● Provided data
•••••
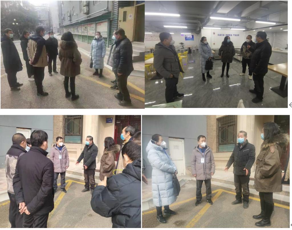 1月10日上午,张家村街道综网中心主任郑萍与张家村街道融信社区党支部书记、社区主任谷永萍一行来sjb世俱杯(院)含光校区检查指导疫情防控工作。
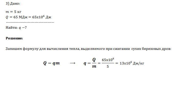 3) чему равна удельная теплота сгорания сухих берёзовых дров если при полном сгорании этого топлива массой 5 кг выделилось количество теплоты 65 МДж?
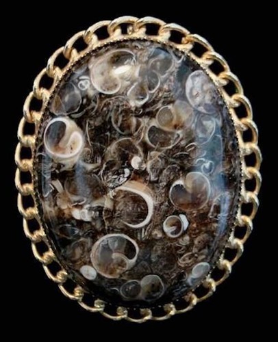 Vintage Turritella Agate Brooch W Bail 1940S
•••••
● Work item
No picture is to be included when the lines from the one containing "3) чему равна" through the end of the material above are output exactly; nothing else is written.

● Expected output
 3) чему равна удельная теплота сгорания сухих берёзовых дров если при полном сгорании этого топлива массой 5 кг выделилось количество теплоты 65 МДж?
 Vintage Turritella Agate Brooch W Bail 1940S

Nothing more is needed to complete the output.